We then split up the time values in Excel into their component pieces (hour and minute), so that 22-11-2011 10:19 becomes:


You can see the raw data and the formulas used in the following screenshot:


We combined the hour into a value which we called “Minute of the Day”, which is merely a numeral value of the minute from 12AM. 1am is 60, 2am is 120, 3am is 180 and so forth.

We then used a pivot table to plot the domain accessed by frequency, which allowed us to generate the top 10 most accessed domains (Facebook, unsurprisingly was 2nd, right behind a local address, which is presumably a development server.)


We arranged the domains on the horizontal axis, with the hour of day listed on the y-axis, as below:

At this point in time, Anand pulls out his Excel magic, and pulls in the number of times within that hour that a particular domain was accessed. COUNTIFS looks counts the number of times the domain was accessed at that particular minute. IFERROR ensures that errors are counted as zeroes. (This formula works only in Excel 2007 and later.)


The results of applying this particular formula across the whole table is given below:


Using the conditional formatting tools, we are able to apply a colour scale that changes the cell background colour — a darker green implies a higher frequency while a lighter colour implies a lower incidence at that point in time.


The extreme preponderance of the top hit (the local dev server, led to a not very useful visualisation, with only the highest values being marked out.


Using a logarithmetic scale helps give a better heatmap, as can be seen in the following screenshots.

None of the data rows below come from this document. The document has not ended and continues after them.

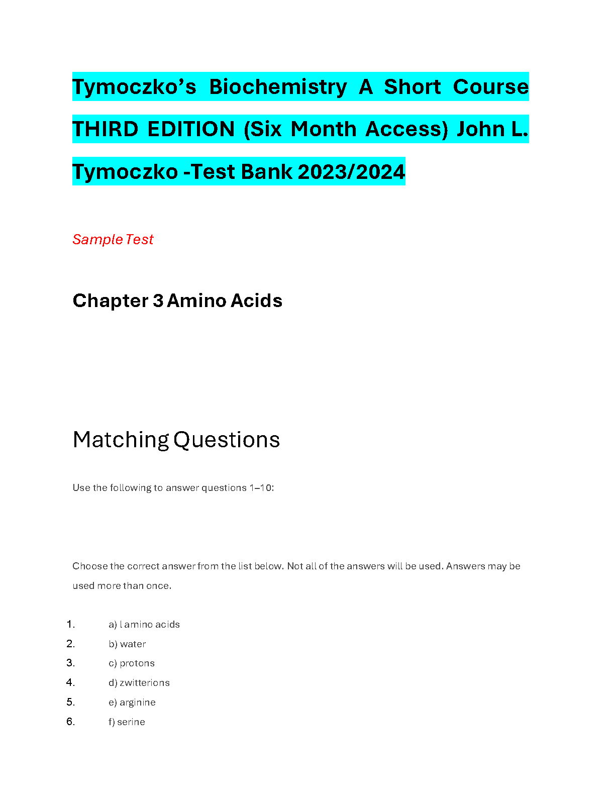 Tymochko, John L. and John L. Tymoczko - Biochemistry: A Short Course, Third Edition Test Bank 2023/2024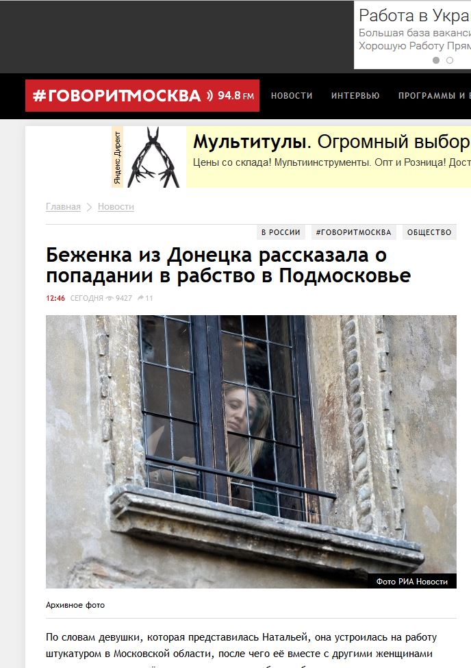 У Натальи (так девушка представилась изданию) после очередного обстрела оккупантов в Донецке не осталось дома. В поисках лучшей доли она приехала на заработки в Москву, тем более что "русский мир" приглашал к себе жителей оккупированных территорий "ЛНР" и "ДНР". Девушке удалось устроиться штукатуром в Московской области, среди ее коллег было много женщин. Однако на деле красивые обещания о заработках для беженки из Донецка обернулись настоящим кошмаром.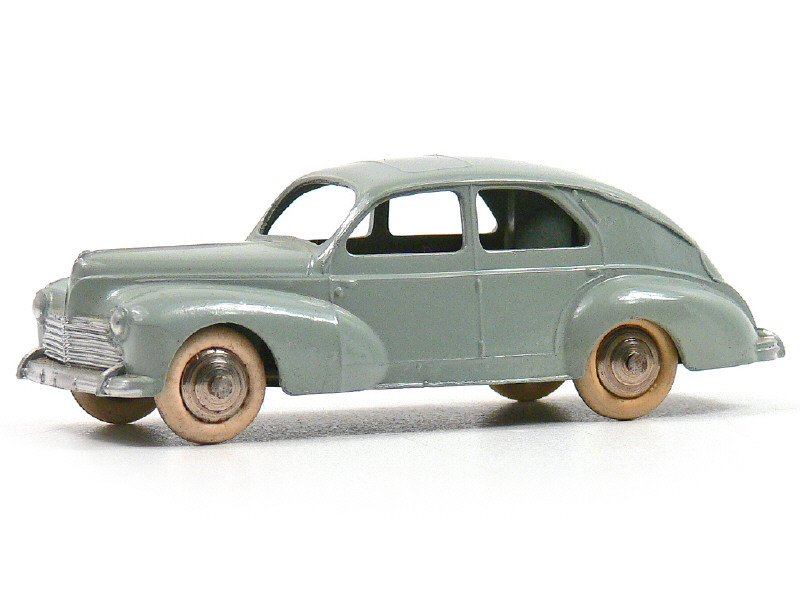 DINKY TOYS (FRANCE) 24R PEUGEOT 203 Petite lunette arrière (version avec intérieur de toit quadrillé & ailes lisses) gris moyen, jantes chromées

We finally arrived at the following heatmap, which offers some insights into the ways that the students at this particular course spent their time.


We talked about different ways of depicting this data, which resulted in the following interactive visualization of the way a student spends his or her time on an average day in Hyderabad. We hope you enjoy it!

Common birthdays


This visualisation shows the popularity of birthdays in the US between 1973 – 1999. The darkness of the colour shows the rank of how popular that birthday is. Dark colours are more popular (i.e. better ranked) birthdays.

  • Most people are born in August & September (and therefore were conceived around November & December, during the holidays, perhaps?)
  • However, very few people are actually born during holidays – New year, Independence day, Halloween, Thanksgiving and Christmas. (People don’t like to spoil their holidays?)
  • Few people are born on the 1st of April. (You don’t want your kid born on Fool’s Day)
  • Few people are born on the 13th of any month. (Unlucky?)
  • Plenty are born on Valentine’s Day and St Patrick’s day

We tried to see what this looked like in India.

Based on school registration data for ~700,000 students born between 1992 – 1995, here’s what it looks like. (Click for a larger version.)


This shows a number of bizarre patterns:

  • Almost everyone’s born between May and June – just before the school opens.
  • Almost no one is born in August – after school opens.
  • An unusual number of people have round-numbered days as birthdays – 5th, 10th, 15th, 20th, 25, and 30th. (This round-numbered pattern was also seen when we analysed utility fraud).
  • January 1st is fairly popular. Other than that, none of the holidays seem to have an effect.

In fact, these results are so striking that we are tempted to believe that the popularly accepted proof for a person’s age – their Class 10 certificate – generally bears a convenient fiction created for the purposes of school admission several years ago.